The first major factor is: are there two existing implementations of the language in the marketplace that disagree on the behaviour of a particular program? If FooCorp's compiler compiles M(A(), B()) as "call A, call B, call M", and BarCorp's compiler compiles it as "call B, call A, call M", and neither is the "obviously correct" behaviour then there is strong incentive to the language design committee to say "you're both right", and make it implementation defined behaviour. Particularly this is the case if FooCorp and BarCorp both have representatives on the committee.

The next major factor is: does the feature naturally present many different possibilities for implementation? For example, in C# the compiler's analysis of a "query comprehension" expression is specified as "do a syntactic transformation into an equivalent program that does not have query comprehensions, and then analyze that program normally". There is very little freedom for an implementation to do otherwise.

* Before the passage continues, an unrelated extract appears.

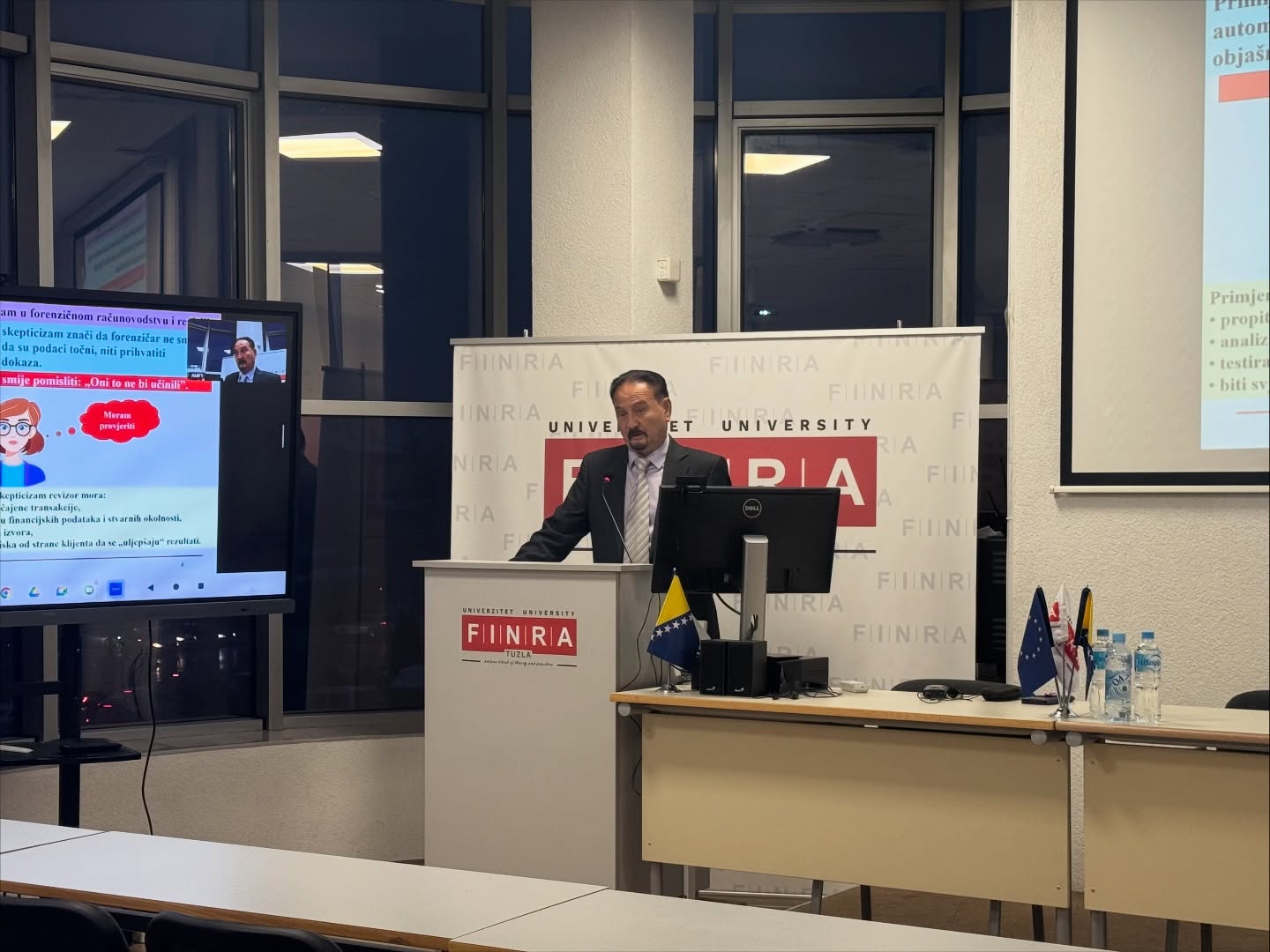 Prof.dr. Vinko Belak iz Zagreba, regionalno poznati stručnjak iz poslovne forenzike, je održao predavanje za studente magistarskog studija Forenzičko računovodstvo i revizija. Na prvim predavanjima približio je studentima najnovija dostignuća, znanja i vještine u oblasti poslovne forenzike, forenzičkog računovodstva i revizije, te finansijskih prevara u svijetu.

By contrast, the C# specification says that the foreach loop should be treated as the equivalent while loop inside a try block, but allows the implementation some flexibility. A C# compiler is permitted to say, for example "I know how to implement foreach loop semantics more efficiently over an array" and use the array's indexing feature rather than converting the array to a sequence as the specification suggests it should.

A third factor is: is the feature so complex that a detailed breakdown of its exact behaviour would be difficult or expensive to specify? The C# specification says very little indeed about how anonymous methods, lambda expressions, expression trees, dynamic calls, iterator blocks and async blocks are to be implemented; it merely describes the desired semantics and some restrictions on behaviour, and leaves the rest up to the implementation.

A fourth factor is: does the feature impose a high burden on the compiler to analyze? For example, in C# if you have:

Func<int, int> f1 = (int x)=>x + 1;
Func<int, int> f2 = (int x)=>x + 1;
bool b = object.ReferenceEquals(f1, f2);

Suppose we require b to be true. How are you going to determine when two functions are "the same"? Doing an "intensionality" analysis -- do the function bodies have the same content? -- is hard, and doing an "extensionality" analysis -- do the functions have the same results when given the same inputs? -- is even harder. A language specification committee should seek to minimize the number of open research problems that an implementation team has to solve!

In C# this is therefore left to be implementation-defined; a compiler can choose to make them reference equal or not at its discretion.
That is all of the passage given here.